Strike fallout prompts 63% of firms to consider cutting ties, says Canadian Federation of Independent Business

Nearly two in three Canadian businesses are prepared to permanently cut ties with Canada Post if strike disruptions persist, according to new data from the Canadian Federation of Independent Business (CFIB).
As reported by CFIB on Monday, 63 percent of businesses said they would leave the postal service for good, with 13 percent already having done so during the 2024 strike.
The CFIB estimates those work stoppages cost small businesses between $75m and $100m per day.
The vote on Canada Post’s latest contract offer, which began July 22 and runs until August 1, has intensified pressure on employers and service users.
The Canadian Union of Postal Workers (CUPW) is urging its 55,000 members to reject the proposal.
The offer includes a 13 percent wage increase over four years and the addition of part-time roles—positions Canada Post has said are essential to the Crown corporation’s financial viability.
The vote was initiated after federal Jobs Minister Patty Hajdu asked the Canada Industrial Relations Board to intervene.
“We hope our employees see these offers provide certainty for the road ahead and vote yes to make them their new collective agreements,” said spokesperson Jon Hamilton.
If accepted, the offer would take effect until January 31, 2028.
But Union National President Jan Simpson said a strong rejection would “protect the integrity of the bargaining process.”
The dispute follows more than 18 months of unresolved negotiations between CUPW and Canada Post.
The broader impact on Canadian enterprises remains a concern.
CFIB president Dan Kelly said the “yo-yoing in and out of strike mandates is causing Canada’s small businesses – one of Canada Post’s last groups of profitable customers – to leave for good.”

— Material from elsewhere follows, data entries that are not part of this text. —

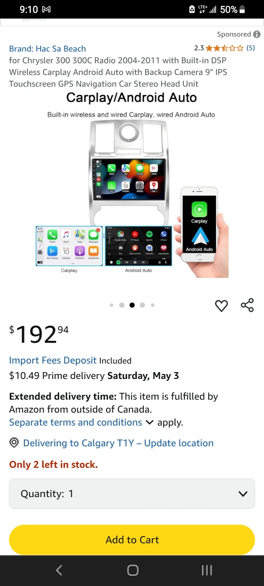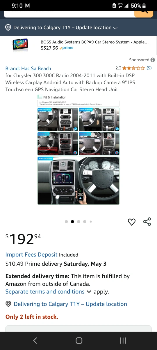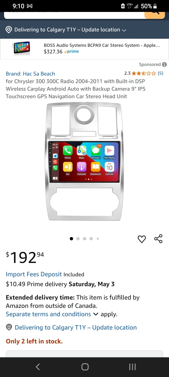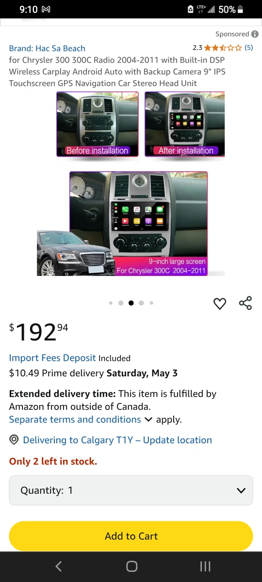 9-inch touchscreen GPS navigation car stereo head unit. Includes backup camera. Wireless Android Auto. Built-in DSP. New, in box. For Chrysler 300C 2004-2011.
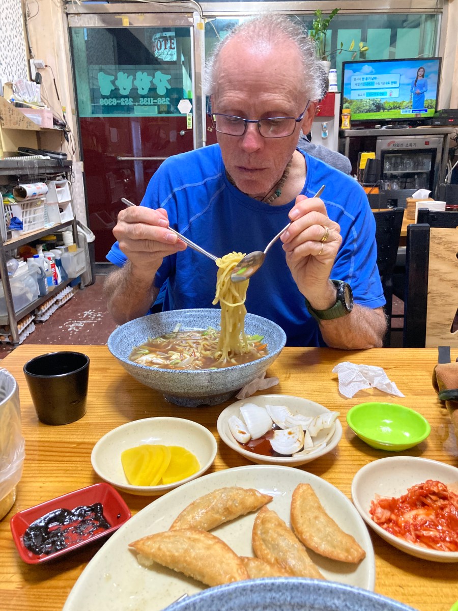 Mmmm nouilles udon, toujours accompagné de kimchi.
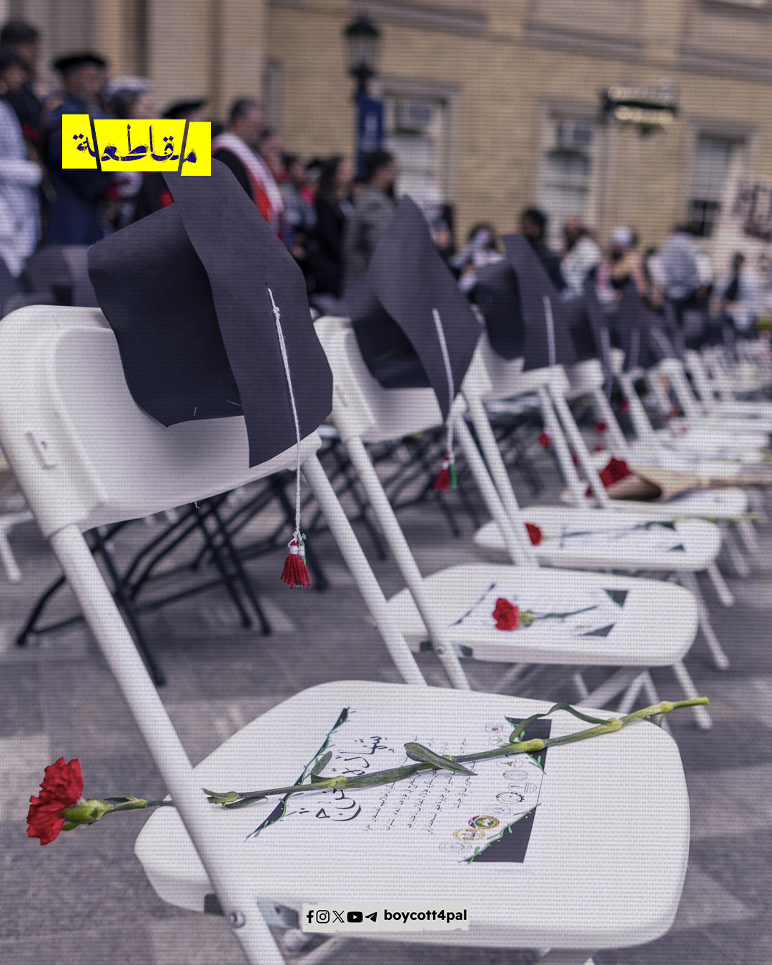 أقام الطلاب وأعضاء هيئة التدريس من المتضامنين مع فلسطين في جامعة تورونتو الكندية، حفل تخرج خاص بطلاب قطاع غزة الشهداء الذين لن يتمكنوا من حضور احتفالات تخرجهم، بسبب قتلهم من قبل الاحتلال الإسرائيلي. وفي أبريل قالت الأمم المتحدة إن 80% من المدارس في غزة تعرضت لأضرار و دمرت خلال الحرب.

CFIB also reported that 71 percent of businesses turned to digital alternatives during disruptions, 45 percent used private couriers, and 27 percent delayed mail.
While 80 percent of businesses still use Canada Post—primarily for sending cheques (73 percent) and letter mail (61 percent)—CFIB data shows only 50 percent continue to use it for convenience, with 58 percent citing cost as a main factor.
Fewer businesses pointed to reliability (25 percent) or customer service (9 percent).
Canada Post’s share in parcel delivery has dropped from 62 percent in 2019 to 24 percent, as reported in its annual filing. CFIB data shows 73 percent of small firms now rely on private couriers for packages.
Corinne Pohlmann, CFIB’s executive vice-president of Advocacy, said Canada Post’s current model requires major reform and that the federal government has delayed implementing changes that have been identified for over a decade.
She added that small business owners need a long-term plan and a reliable postal service.
Meanwhile, a separate Angus Reid Institute survey found 61 percent of Canadians would be willing to pay a $20 annual subsidy to support Canada Post’s universal service mandate.
“Canadians do treasure their postal service, but at the same time, they are open to big changes,” said Angus Reid Institute president Shachi Kurl.